A red-backed vole parasitized by vole ticks at Headquarters Lake in Soldotna, Alaska, on July 9, 2017. (Credit: Matt Bowser/USFWS)

A red-backed vole parasitized by vole ticks at Headquarters Lake in Soldotna, Alaska, on July 9, 2017. (Credit: Matt Bowser/USFWS)

Coming into the Country: Ticks

While on a family vacation to Florida this spring we took a short walk through a lush, beautiful forest in Faver-Dykes State Park near Pellicer Creek. We had a splendid time until we returned to camp and found numerous ticks on ourselves. After that experience, my family was disinclined to go hiking while in Florida.

One of the things I appreciate about living in Alaska is that we do not have to worry about ticks or tick-borne diseases. Personally, I would much rather deal with bears, moose and mosquitoes than have to check all over for ticks after every walk in the woods. The prospect of contracting a potentially lifelong tick-borne disease scares me more than the risk of getting into trouble with a bear or a moose.

Ticks have been in Alaska for a long time, though. We know of seven species that are believed to be native to Alaska.

These include the vole tick, which feeds mostly on voles and squirrels; the hare tick, whose hosts are hares and rabbits; the raccoon tick, a parasite of raccoons and other mammalian predators; and four species of ticks that specialize on birds.

By far the most commonly encountered tick by members of the public in Alaska is the vole tick. Mostly found on voles and squirrels, they have also been collected from dogs, cats, ermine and humans.

Vole ticks can serve as vectors for various diseases including Lyme disease, but so far there is no record of a human contracting a tick-borne illness in Alaska.

Increasingly, multiple species of ticks from well outside of Alaska are showing up here on pets and people. Among these, the most commonly reported species is the American dog tick, which regularly arrives on dogs traveling up from the Lower 48.

The lone star tick, rocky mountain wood tick, deer tick, Pacific coast tick and even an iguana tick have also come here on people or pets from other parts of North America. One Old World species, the sheep tick, has been found in two instances on dogs that had traveled to Alaska from Europe.

Only one exotic species, the brown dog tick, is known to be reproducing in Alaska. A pest of dog kennels worldwide that can transmit many canine diseases, this tropical tick is unusual because it can complete its entire life cycle indoors.

The brown dog tick has now been documented in multiple locations in Alaska, presumably reproducing in kennels and similar situations.

It is a widely held misconception that Alaska’s cold climate prevents ticks from becoming established here. While the cold certainly excludes some southern species of ticks, there are cold-hardy ticks that should be able to survive outdoors in at least southern Alaska.

The American dog tick and the deer tick, both important vectors of diseases, may be able to persist in southern Alaska if given the opportunity.

It is now expected that the winter tick, a cold-hardy parasite of moose, elk and deer, will soon be present in Alaska. This species has been gradually expanding its range to the north and west in the Northwest Territories and the Yukon.

Winter ticks can reach high densities, with up to 40,000 to 90,000 ticks per moose, causing blood loss, hair loss, and even death of moose in other parts of North America.

There is no obvious reason why the sheep tick, which lives at high latitudes in Norway and Sweden and parasitizes a wide range of mammals, would not thrive in Alaska if it was introduced here.

I compared climate data from the Kenai Municipal Airport to the known climate tolerance of the sheep tick and found that there has not been a time since the mid-1990s when winters would have been harsh enough to greatly reduce populations of this species.

An animal easily mistaken for a tick is the sheep ked, a ticklike, wingless fly that parasitizes sheep. In Alaska, sheep keds have been collected from Dall sheep.

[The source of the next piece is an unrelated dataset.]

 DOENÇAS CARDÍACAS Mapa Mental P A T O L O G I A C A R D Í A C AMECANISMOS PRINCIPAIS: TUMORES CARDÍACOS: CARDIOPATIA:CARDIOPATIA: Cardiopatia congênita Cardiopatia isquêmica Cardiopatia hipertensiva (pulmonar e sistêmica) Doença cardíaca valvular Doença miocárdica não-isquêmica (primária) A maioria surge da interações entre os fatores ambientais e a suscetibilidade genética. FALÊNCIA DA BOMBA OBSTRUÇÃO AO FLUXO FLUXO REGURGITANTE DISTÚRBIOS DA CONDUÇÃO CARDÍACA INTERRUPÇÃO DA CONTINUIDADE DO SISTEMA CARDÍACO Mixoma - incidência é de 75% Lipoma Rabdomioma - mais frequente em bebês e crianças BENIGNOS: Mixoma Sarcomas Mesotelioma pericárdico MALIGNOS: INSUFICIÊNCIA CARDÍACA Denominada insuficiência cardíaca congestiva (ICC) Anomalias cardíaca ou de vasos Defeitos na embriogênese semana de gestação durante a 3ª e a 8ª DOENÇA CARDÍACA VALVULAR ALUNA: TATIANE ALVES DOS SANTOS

We do not know whether sheep keds are native to Alaska or have been brought to our area on domestic sheep. This is a question that could potentially be resolved by studying the genetics of sheep keds.

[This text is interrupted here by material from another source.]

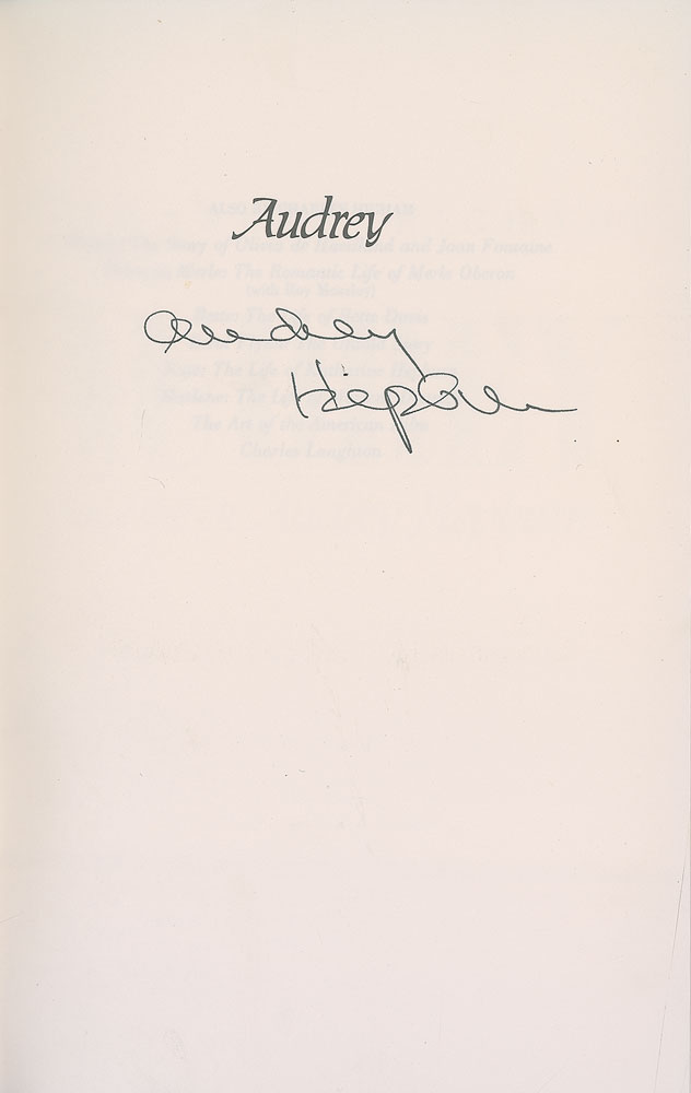 Signed book: Audrey: The Life of Audrey Hepburn. First edition, first printing. NY: Macmillan, 1984. Hardcover with dust jacket, 6.25 x 9.5, 228 pages. Nicely signed on the half-title page in black felt tip, “Audrey Hepburn.” In fine condition. Pre-certified PSA/DNA.

If you find a tick or a ked on yourself, a pet, wildlife or anywhere else in Alaska, I encourage you to send specimens to the Alaska Submit-A-Tick Program at https://dec.alaska.gov/eh/vet/ticks/submit-a-tick. The public, veterinarians and biologists are welcome to submit tick specimens.

A goal of the Submit-A-Tick Program is to develop ways to limit the spread of ticks into Alaska by learning more about how they are arriving here. I consider this a worthy cause.

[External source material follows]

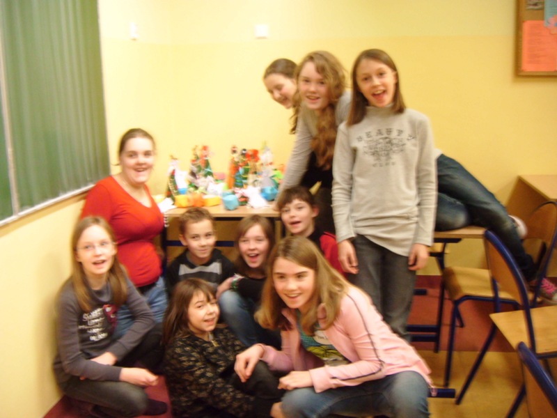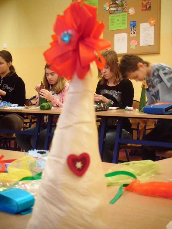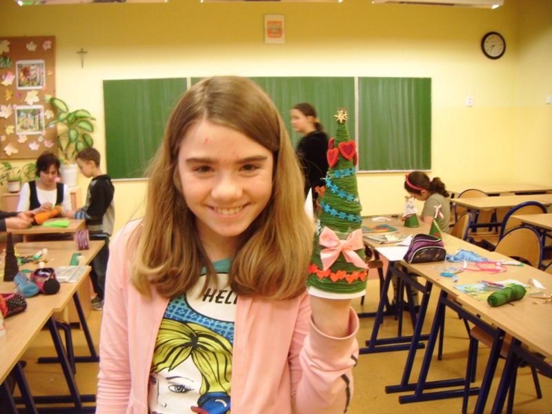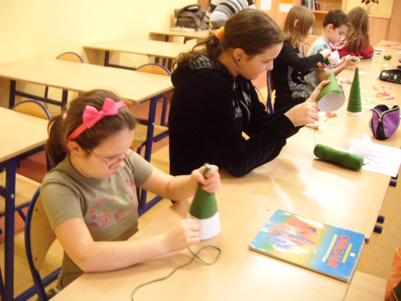 wykonały ozdoby świąteczne: choinkę, bombkę, aniołka i pudełko na

I do not want Alaska to become like the Eastern United States, where checking yourself for disease-carrying ticks is a way of life for anyone spending time in the woods.

I will conclude with some good news. Dr. Micah Hahn at the University of Alaska Anchorage, whose team has been surveying for ticks in Southcentral Alaska this summer, reported finding exotic ticks at neither Hidden Lake Campground on the Kenai National Wildlife Refuge nor at Centennial Campground in Soldotna.

So far they have looked through samples collected from May through June 2019. Samples from later this summer remain to be processed.